Das LG verurteilte den Angeklagten wegen Steuerhinterziehung in vier Fällen. Es rechnete dabei die Zahlungsbeträge, soweit sie das Wohnhaus betrafen, einschließlich der darin enthaltenen USt dem Angeklagten als verdeckte Gewinnausschüttungen (vGA) zu (§ 20 Abs. 1 Nr. 1 S. 2 EStG). Wegen KSt-Hinterziehung wurde der Angeklagte nicht verurteilt. 

 

Entscheidungsgründe

Der BGH hat die Revision des Angeklagten verworfen. Zutreffend hatte das LG die Berechnung der verkürzten ESt nicht unter Berücksichtigung des Anrechnungsverfahrens (§ 20 Abs. 1 Nr. 3 EStG (a.F.), § 36 Abs. 2 Nr. 3 EStG (a.F.)) durchgeführt. Denn die Voraussetzungen dafür lagen nicht vor (§ 36 Abs. 2 Nr. 3a EStG (a.F.), § 36a EStG (a.F.) bzw. § 36 Abs. 2 Nr. 3b EStG (a.F.), § 44 KStG (a.F.)). Das fiktive KSt-Guthaben ist nur dann zur Vermeidung einer „strafrechtlich nicht hinnehmbaren Doppelbelastung“ anzurechnen, wenn der GGF zusätzlich wegen KSt-Hinterziehung verurteilt wird (so bereits BGH 12.1.05, 5 StR 301/04, wistra 05, 144, 145). 

 

Weder die vier Einzelstrafen noch die Gesamtstrafe waren unter dem Gesichtspunkt einer „Doppelbestrafung“ zu mildern.
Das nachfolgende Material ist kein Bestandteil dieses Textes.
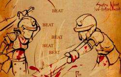 Often, the city guards (and the guards in general) will be better equipped in appearance than your hero, such as in games where there is no armour for you. Despite this, you're probably stronger than them (unless you aren't), and let them stand in your way only out of respect for the law or... something. Of course, that in itself can get stupid in its own ways, such as when you're in an enemy town. As for the ones in Good Guy towns... do they have no idea what urgent plot points they're keeping you from? Don't they know that the Evil Overlord is marching his forces upon their hapless town? No?! The Guards Must Be Crazy.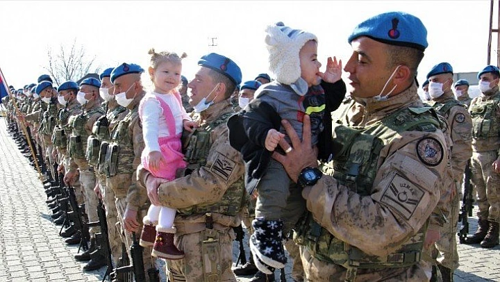 Eşiyle vedalaşan Halime Özdayı ise, “3 aylık bebeğimizle oğullarımızla bir an önce sağ salim gidip gelmesini temenni ediyoruz. İnşallah hiç birinin burnu kanamasın. Karmaşık bir duygu. Bir tarafta gurur diğer tarafta hüzün var. İkisi bir arada. Büyük oğlum 9, küçük oğlum 6 yaşında. Onlarında ilk ayrılışları. Her zaman onlarla gurur duyuyoruz. Dualarımız onlarla” diye kaydetti.

Zwar waren die USt-Beträge auch in den ESt-Hinterziehungsbeträgen enthalten. Dies ändert aber nichts daran, dass der Angeklagte sowohl für sich als auch für die GmbH wirtschaftliche Vorteile rechtswidrig erlangte, die jeweils für sich strafrechtlich zu ahnden waren. 

 

Praxishinweis 

In der Praxis wird in solchen Altfällen, in denen das Anrechnungsverfahren und noch nicht das Halbeinkünfteverfahren anzuwenden ist, in der Regel die Verfolgung der Hinterziehung der auf der Ebene der GmbH angefallenen Ertragsteuern im Hinblick auf die ESt-Hinterziehung des beherrschenden Anteilseigners eingestellt bzw. – bei gleichzeitiger Abgabe der Erklärungen mit übereinstimmenden Falschangaben – beschränkt. Dies ist jedoch nur möglich, wenn der Zufluss der vGA beim Anteilseigner nachweisbar ist.